WORK TASK: Transcribe exactly, and only, the lines running from the one that contains "Accessoires bestaan onder" through the last line of the material. No pictures.

EXERCISE MATERIAL:
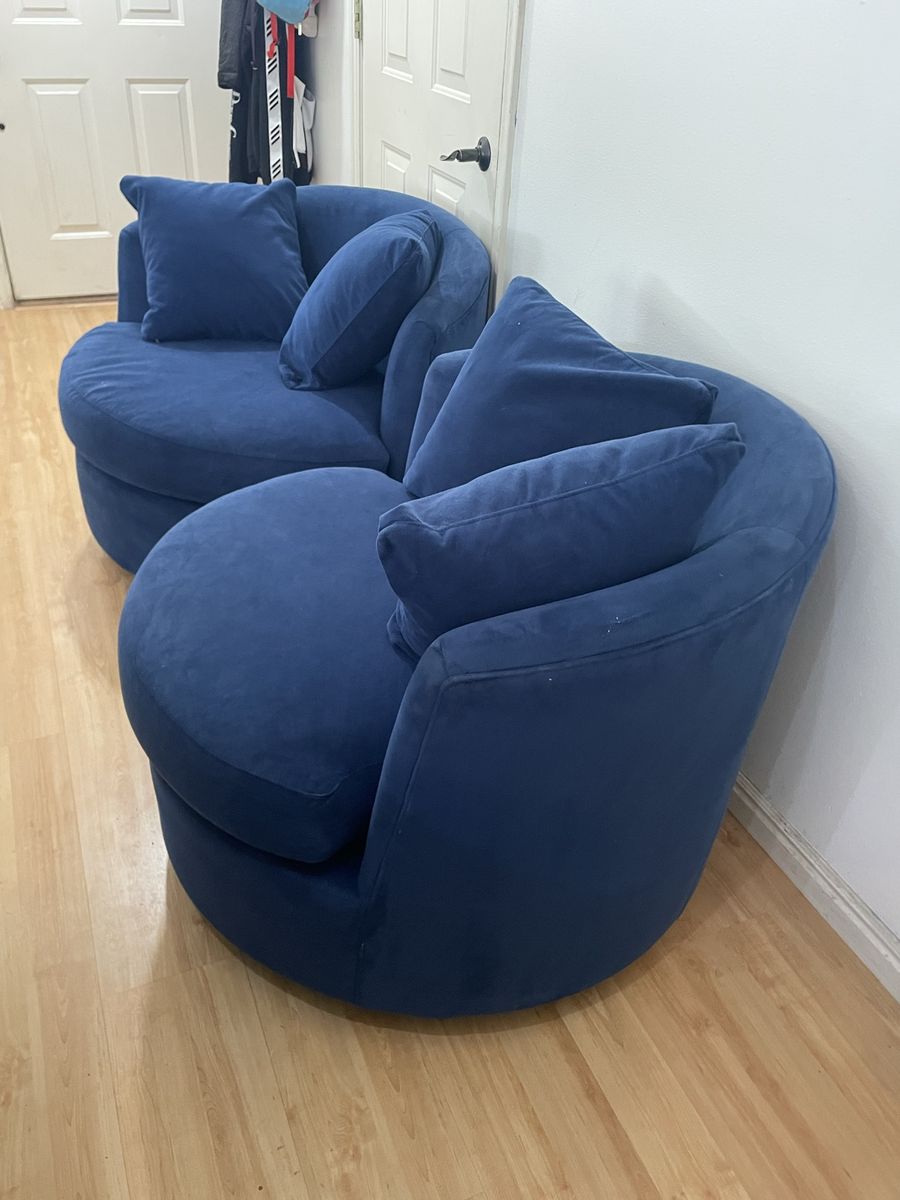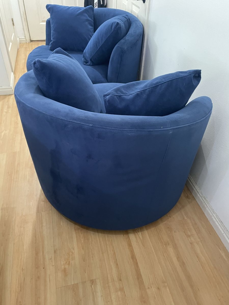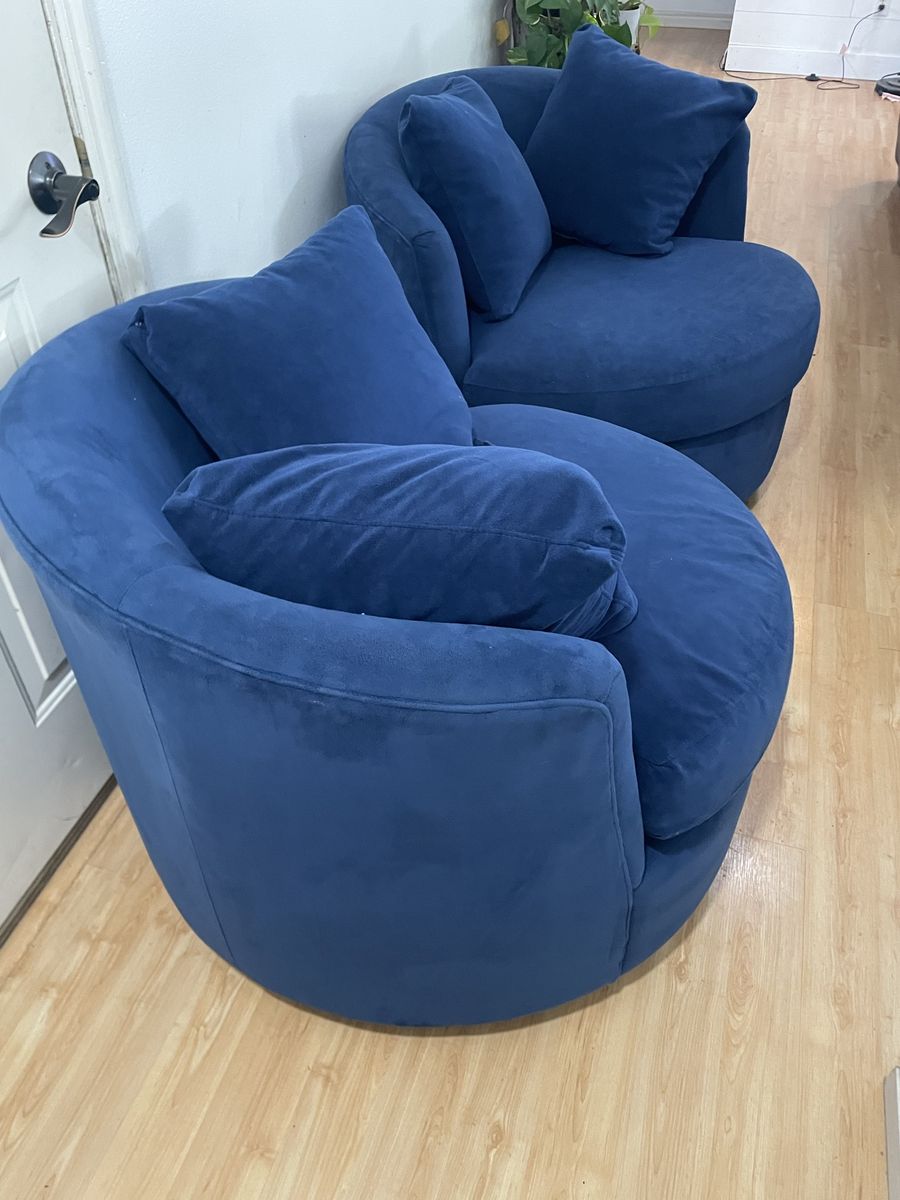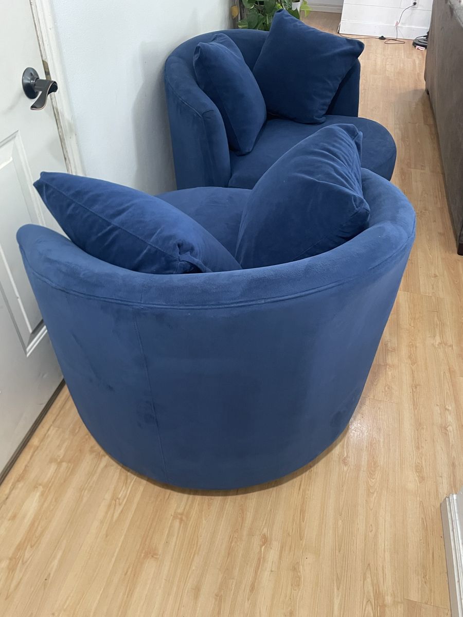 VenmoBeautiful set of 2 blue swivel accent barrel chairs. Super comfortable and clean. Located in provo
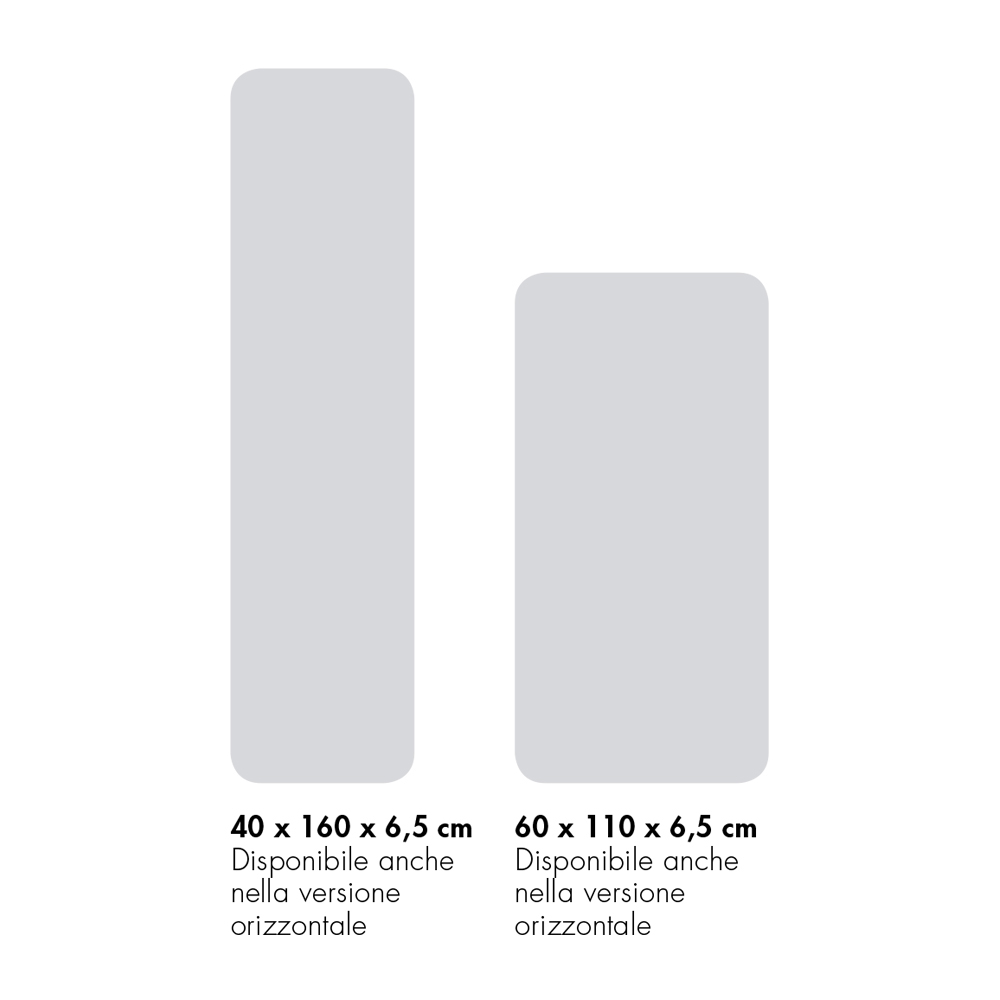 NB: el radiador está diseñado para montaje vertical u horizontal, especificar el montaje elegido al realizar el pedido. El radiador está disponible en una amplia gama de combinaciones de colores posibles. Termostato magnético inalámbrico incluido.
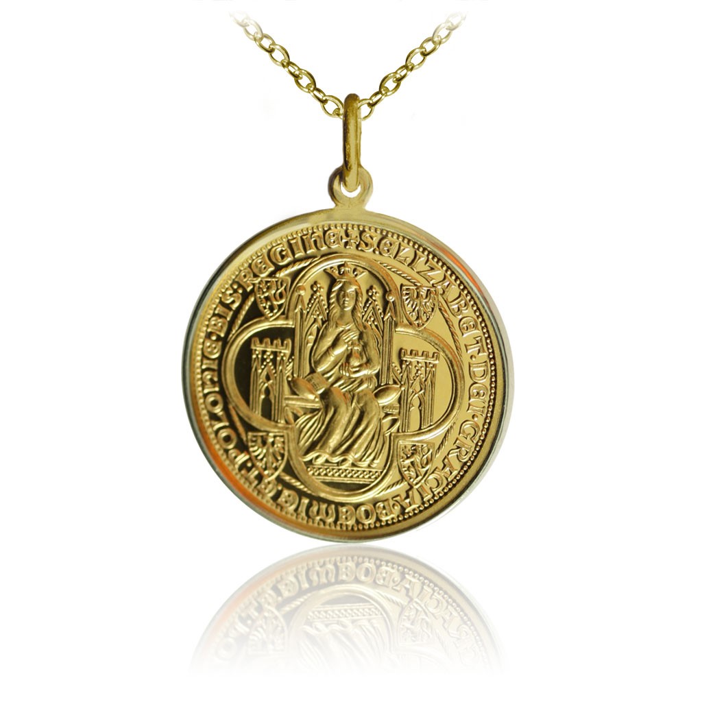 Eliška/Alžběta Rejčka, původním jménem Richenza (Rixa) Piastovna, Ryksa Elżbieta (1. září 1288 Poznaň – 18. října 1335 Staré Brno) byla česká a polská královna, druhá manželka Václava II. i Rudolfa Habsburského. Jako jediná žena v české historii se stala královnou nejen dvakrát, ale po boku dvou mužů. Na averzní straně mince je zobrazena královna Eliška Rejčka. Reverzní strana nese pečeť královny Elišky – vdovy. Je zde vyobrazená na trůnu společně s erby, v opise s latinským textem: Eliška z boží vůle královna česká a polská. Ve stylizovaném gotickém rámci sedí Eliška Rejčka na trůnu připomínajícím její věnná města. V rozích jsou umístěny úhlopříčně na gotických pavézách dva čeští lvi a pravděpodobně dvě polské orlice. Medailonek je zavěšen na zlatém řetízku 45 cm, typ Anker/Au 585.
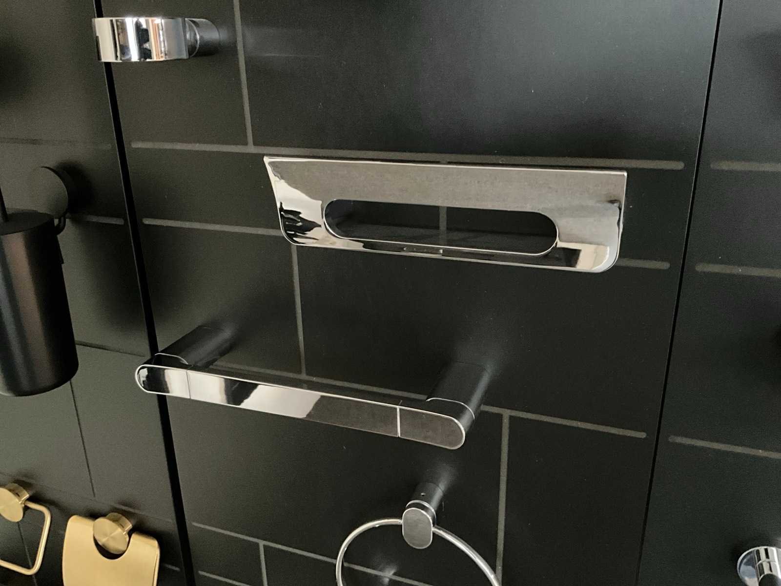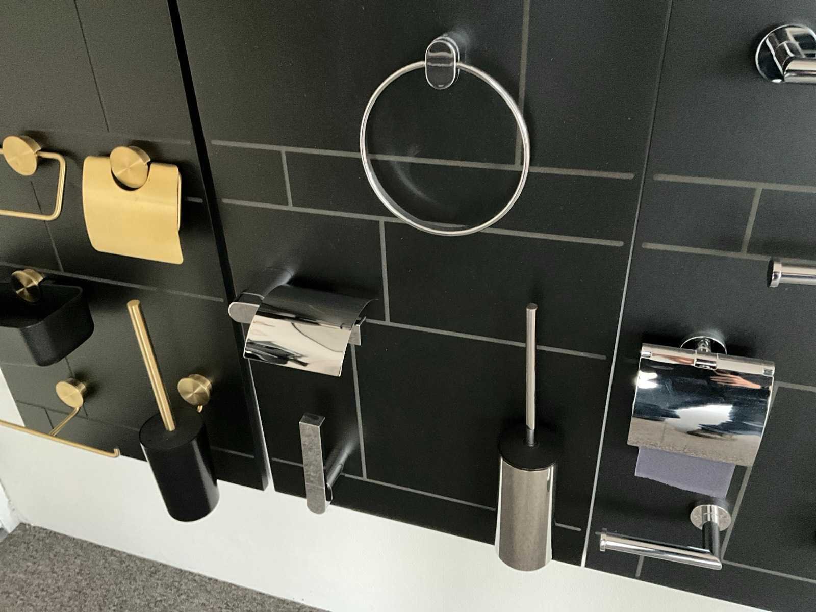 Accessoires bestaan onder andere uit: handdoekhaken, zeephouder, toiletrolhouders, toiletborstelhouder, etc Breedte: 50cm Hoogte: 170cm
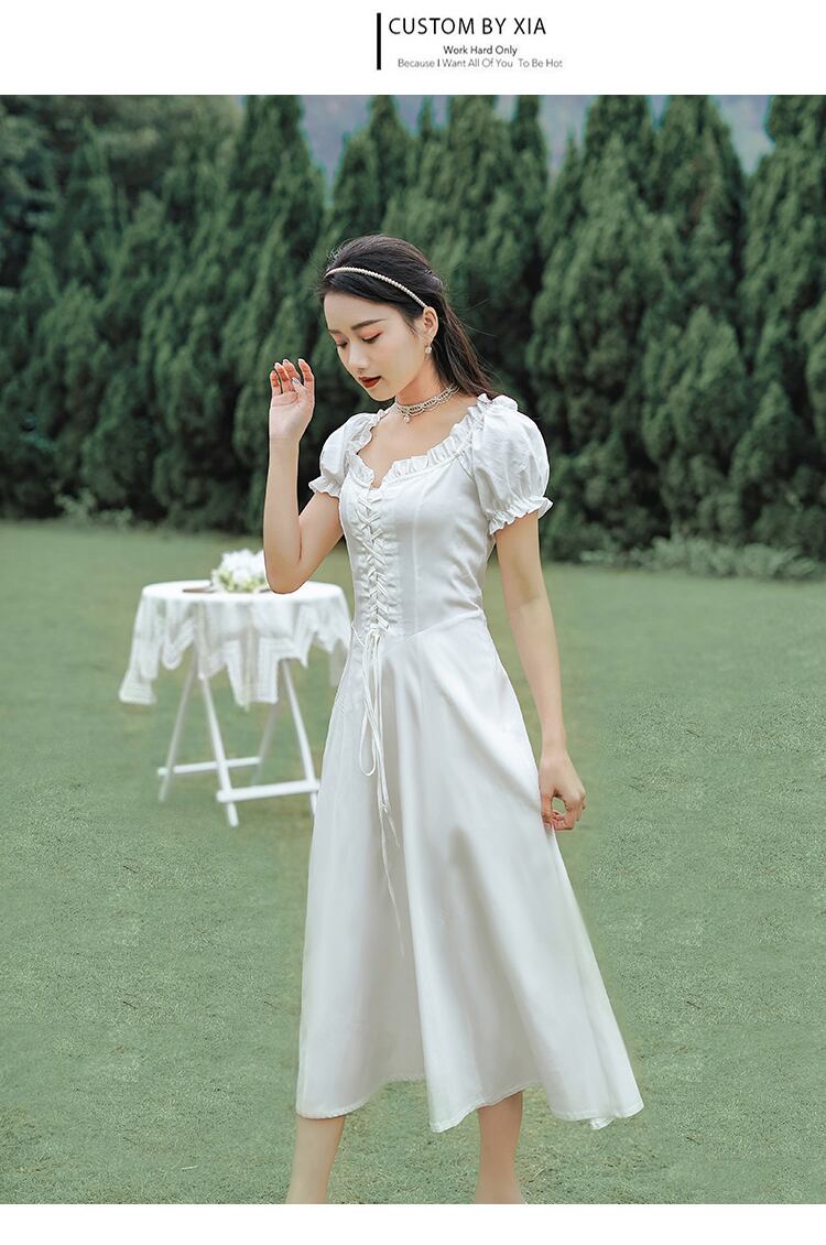 送料無料୨♥୧ サマーレディースロングドレス カラーバンドホワイトスリーブ 大人ガーリー スウィート キュート カジュアル 夏物 スクウェア AOS83854782382
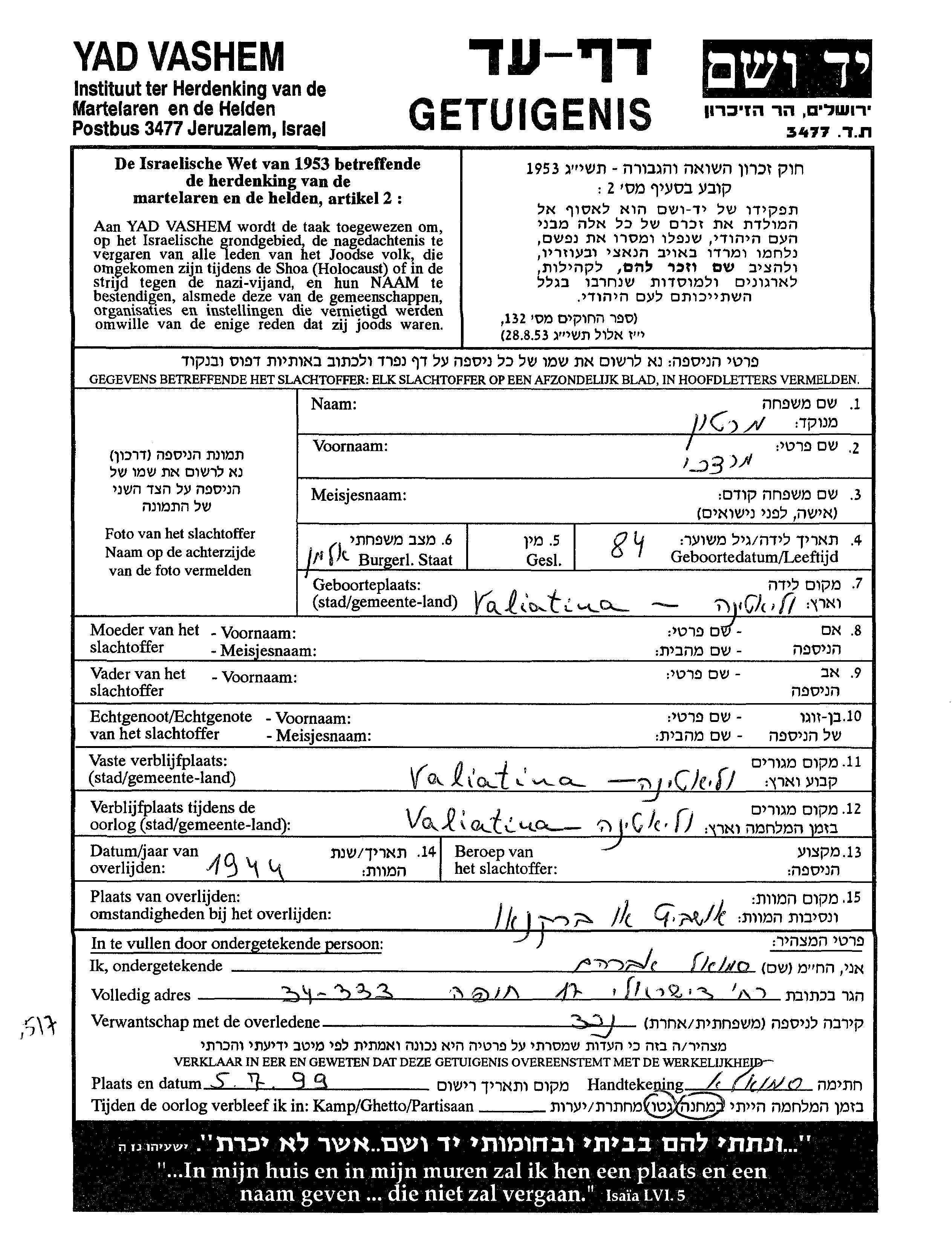 Mordekhai Marton wurde in Valiatin, Tschechoslowakei geboren. Er war Witwer. Vor dem Zweiten Weltkrieg lebte er in Valiatin, Tschechoslowakei. Während des Krieges war er in Valiatin, Tschechoslowakei.

EXPECTED OUTPUT:
 Accessoires bestaan onder andere uit: handdoekhaken, zeephouder, toiletrolhouders, toiletborstelhouder, etc Breedte: 50cm Hoogte: 170cm
 送料無料୨♥୧ サマーレディースロングドレス カラーバンドホワイトスリーブ 大人ガーリー スウィート キュート カジュアル 夏物 スクウェア AOS83854782382
 Mordekhai Marton wurde in Valiatin, Tschechoslowakei geboren. Er war Witwer. Vor dem Zweiten Weltkrieg lebte er in Valiatin, Tschechoslowakei. Während des Krieges war er in Valiatin, Tschechoslowakei.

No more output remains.